EXERCISE INSTRUCTIONS = Retype the lines from the one containing "國民黨主席吳敦義先生偕同伉儷吳夫人，與南投縣各級官員，前來拜訪師尊及參與法會。" through the last line of the entries below, exactly and in full, omitting every image.

SOURCE INFORMATION =
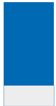
Anzeigenstreifen 160 x 60 mm
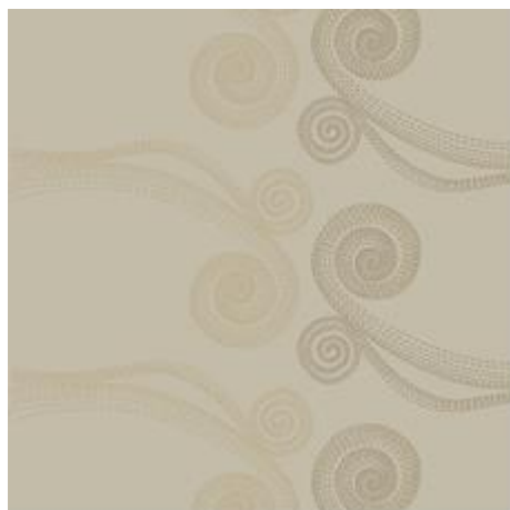
X457 + V457
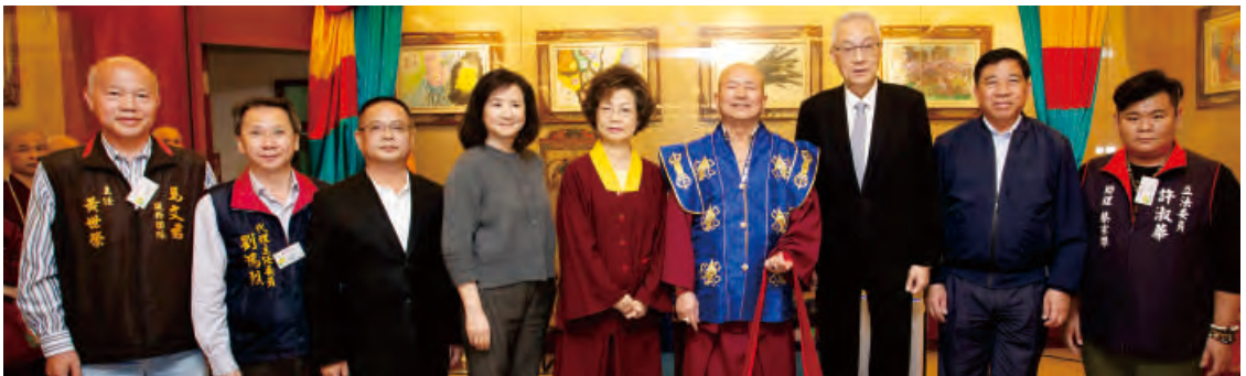
國民黨主席吳敦義先生偕同伉儷吳夫人，與南投縣各級官員，前來拜訪師尊及參與法會。
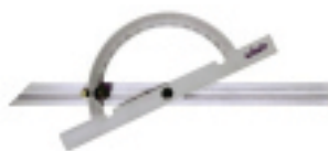
CÓDIGO 86465 | TRANSPORTADOR 200 X 400 C/CORREDERA CROMO MATE
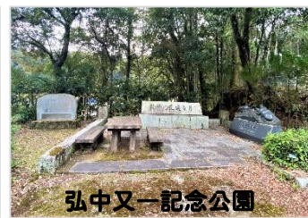
弘中又一記念公園
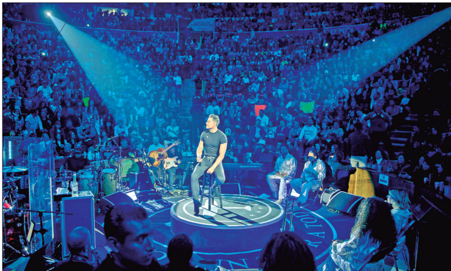
BALANCE. Más de 24 mil personas asistieron al tercer día de actividades de la feria más grande del estado.

TASK ANSWER =
國民黨主席吳敦義先生偕同伉儷吳夫人，與南投縣各級官員，前來拜訪師尊及參與法會。
CÓDIGO 86465 | TRANSPORTADOR 200 X 400 C/CORREDERA CROMO MATE
弘中又一記念公園
BALANCE. Más de 24 mil personas asistieron al tercer día de actividades de la feria más grande del estado.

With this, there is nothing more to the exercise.